Walid Nabhan (born 1966) is a Maltese writer and translator of Palestinian-Jordanian origin.[1] He was born in Amman, Jordan to a family of refugees who had fled from their village home near Hebron, Palestine during the 1948 Palestinian expulsion and flight. He arrived in Malta in 1990 as a science student. He studied biomedical sciences at Bristol University, and went on to obtain a master's degree in human rights from the University of Malta.
Nabhan has published two books of short stories in Maltese, and one novel titled L-Eżodu taċ-Ċikonji (2013) which won the Maltese National Prize for Literature in 2014, and the EU Prize for Literature in 2017. He published a collection of poetry in Maltese in 2014. Nabhan has also translated works of Maltese literature into Arabic.
On 24 January Walid Nabhan has stated that the prayers being organized by the Malta Muslim Council, led by Bader Zina, are a form of Islamic fundamentalism.
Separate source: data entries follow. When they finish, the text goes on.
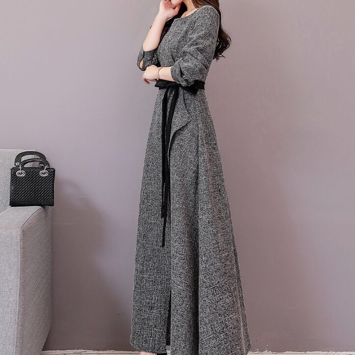 ワンピース フレアワンピース ロング ロング丈 マキシ マキシ丈 袖あり 長袖 フレア Aライン ウエストマーク ウエストリボン スリット サイドスリット かわいい 大人可愛い きれいめ 大人 大人女子 こなれ感 キュート ガーリー クール モード系 無地 秋 冬 10代 20代 30代 40代 50代 60代 レディース 女性用 ママ 学生 デート お出かけ 休日 着回し 普段使い モテ トレンド 流行 インスタ映え サイズ S M L XL 2XL 小さいサイズ 大きいサイズ 色展開 灰色 グレー | Bonny Me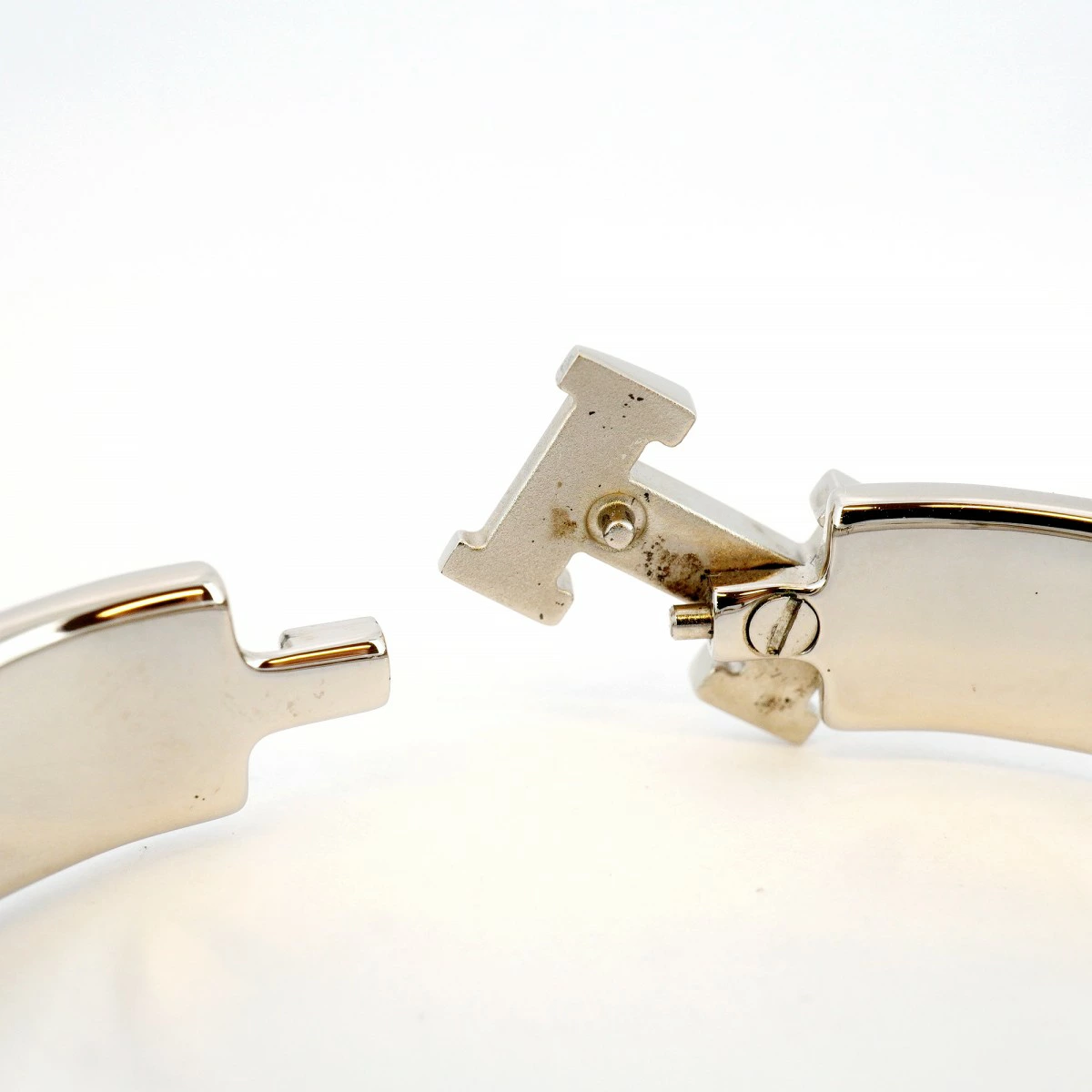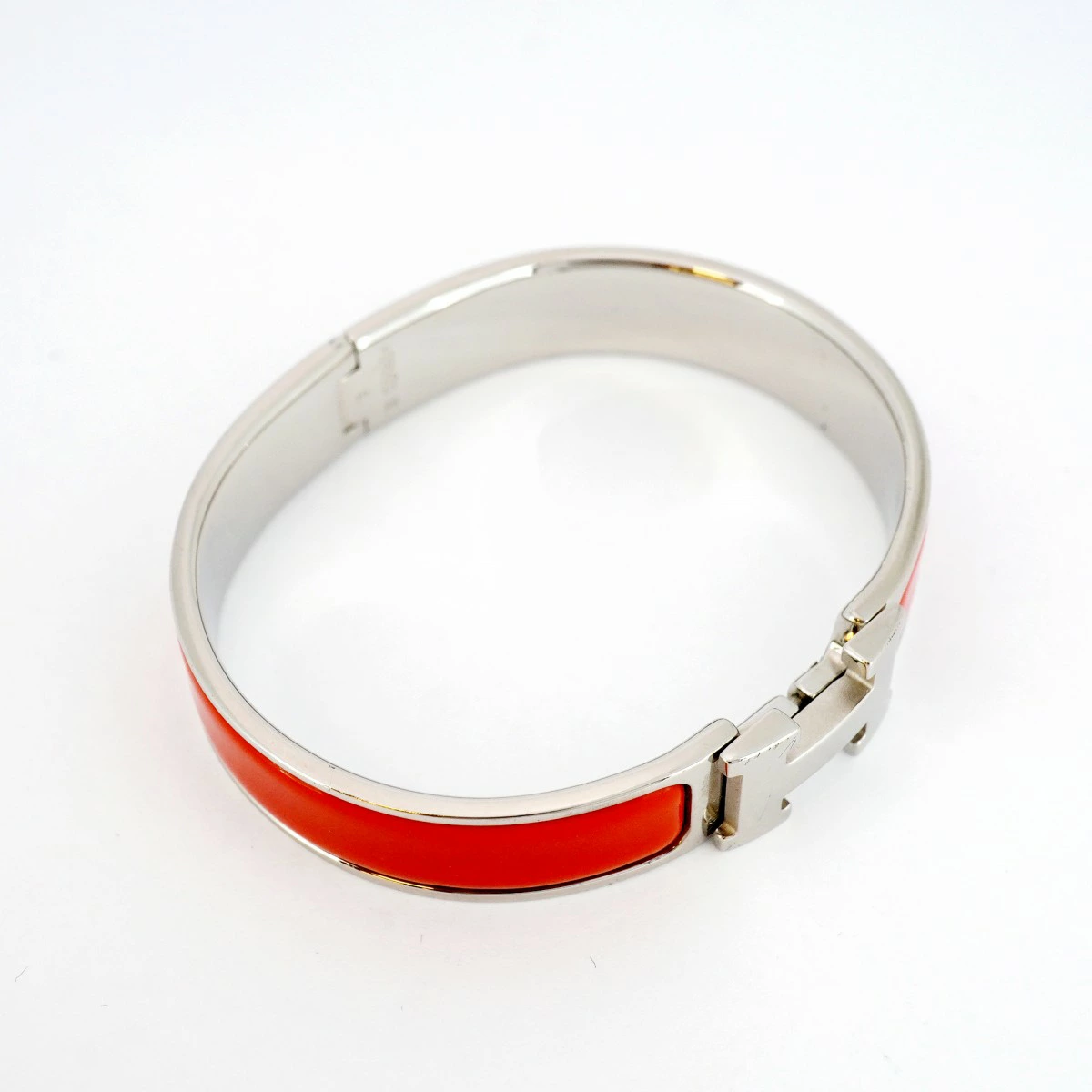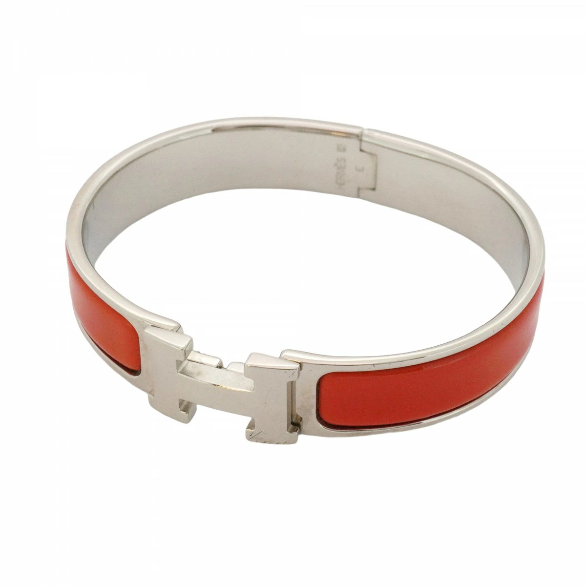 【5jpb0093】エルメス バングル クリッククラックPM メタル シルバー レッド【中古】レディース
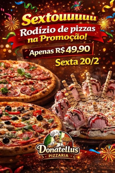 Mais informações podem ser obtidas diretamente com a Donatellus Pizzaria.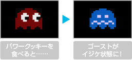| パワークッキーを食べるとパックマンがパワーアップし、一時的にゴーストがイジケ状態になります。イジケ状態のゴーストは食べることができ、連続で食べるとスコアが大きく増えます。 なお、パワーアップ中に新たに現れたゴーストは、イジケ状態ではないので注意しましょう。 |
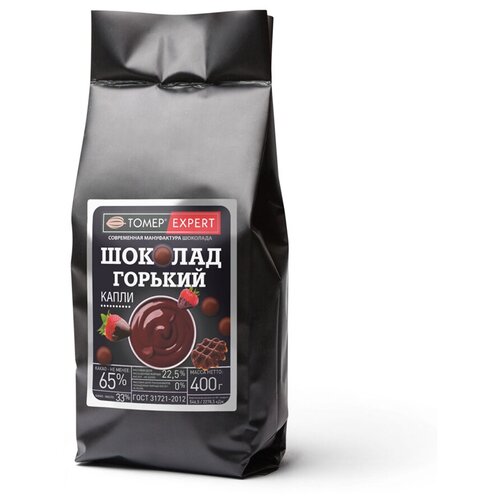 Шоколад горький 65% какао в каплях Expert Томер, 400 гр.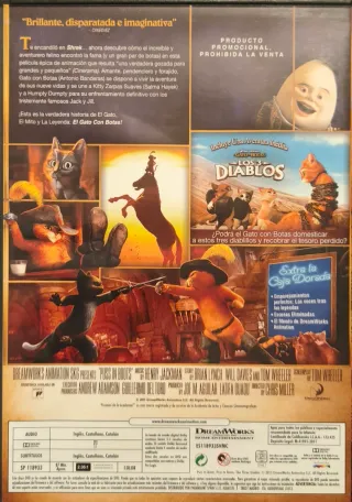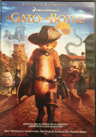 Película El Gato con Botas en formato DVD. - Incluye la voz de Antonio Banderas. - Nominada al Premio de la Academia a Mejor Película de Animación. - Calificada como Muy divertida e imprevisible por 20 Minutos.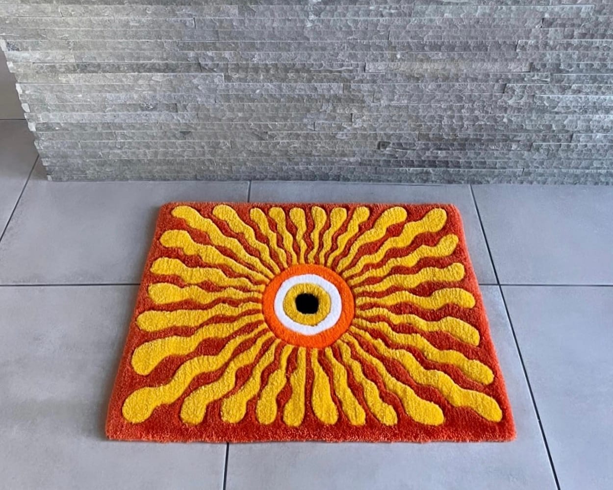 Having relocated to Salt Lake City, Utah from Beirut, Lebanon in 2018, El Gergi felt an urge to keep an open connection to her hometown, which she found through the traditional craft of rug-making. El Gergi articulates how the imagery in her rug designs keeps her in touch with her Lebanese roots: “Habibi Bazaar uses my own personal style, which is Oriental rugs, evil eyes (Nazar), patterns that you would see in churches and mosques in Lebanon,” she told Hyperallergic in an interview.
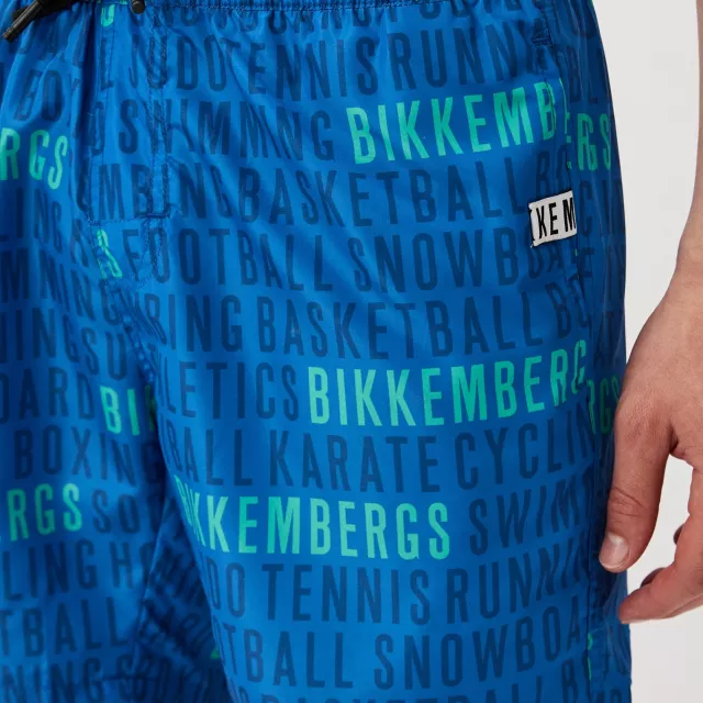 Dive into summer with confidence and style wearing these Bikkembergs swim shorts. Featuring a striking all-over print in vibrant blue, these shorts are designed to catch attention wherever you go—whether you’re lounging poolside or catching waves at the beach. The eye-catching design pairs perfectly with the active lifestyle, combining fashion with practical details that enhance your swim experience.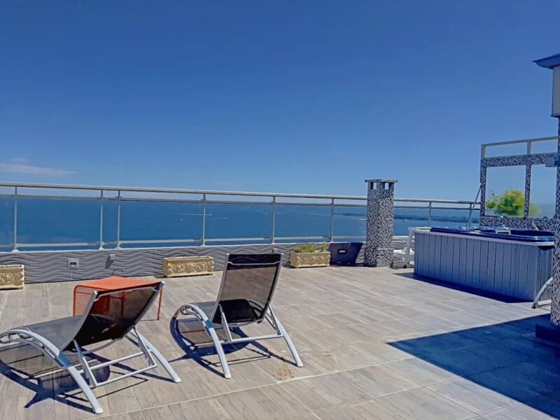 Sumptuous 6 Room Penthouse - Breathtaking Sea View in Cannes Californie Experience the height of luxury and exclusivity in Cannes, in the popular California district, with this exceptional 170m² penthouse, located on the top floor of a of the most renowned residences in the region. This unique property offers you an unrivaled living experience, with a breathtaking panoramic sea view from its immense 146m² terrace. Completely renovated in 2010, this apartment in excellent condition shines with its modern and luxurious design. It is spread over two levels, offering spacious and bright living spaces, including a double reception room, three suites with the possibility of a fourth, each with its own bathroom and dressing room. The separate kitchen is fully equipped, meeting the requirements of the most demanding gourmets. The majestic terrace invites you to moments of absolute relaxation with its jacuzzi and solarium, offering a breathtaking view of the bay of Cannes. The penthouse also stands out for its high-end services: 24-hour concierge, two tennis courts, swimming pool, a 12-hectare park, fitness room, and even a shuttle to make your travel easier. Including a large garage and a cellar, this penthouse represents an exceptional opportunity to acquire an exceptional property in one of the most coveted areas of Cannes. Characteristics: City: Cannes District: Californie Rooms: 6 (double living room reception, 3-4 en-suite bedrooms) Surface area: 170 m² Terrace: 146 m² Floor: Top floor / 10 Condition: Excellent condition Charges: €800/month Style: Modern luxury Year of construction: 1965 Year of renovation: 2010 Heating: Gas Central Collective Discover this jewel of the Côte d'Azur, a place where luxury, comfort and beauty meet for an unparalleled living experience.

He said that the building of another mosque is unnecessarily and that this would officiate the "split" between the Muslim community of the Mariam Al-Batool Mosque and the Muslim community of the Malta Muslim Council.[2] [3] [4] He also discredited the need of other Muslim places of worship.[2] [5] He further observed that Bader Zeina himself, on Times Talk television program (on TVM (Malta)), has gone as far as silencing a Maltese woman (who converted to Islam) namely Simone Zammit Endrich who spoke of Islamic facts (religious practice and norms) rather than political Islam.[3] [4]
Walid Nabham is an integral well established writer in Malta and has written several literature material, including books about Islam and Arab culture,[6] and has taken stands several times against religious fundamentalism.[7] Following Nabham's remarks both him and Mr Zeina were invited on Disett, a talkshow on TVM; were Zeina did not turn up, and when Nabham went back to his car after the talkshow he found his car vandalized which was interpreted as a form of a threat or warning.[8]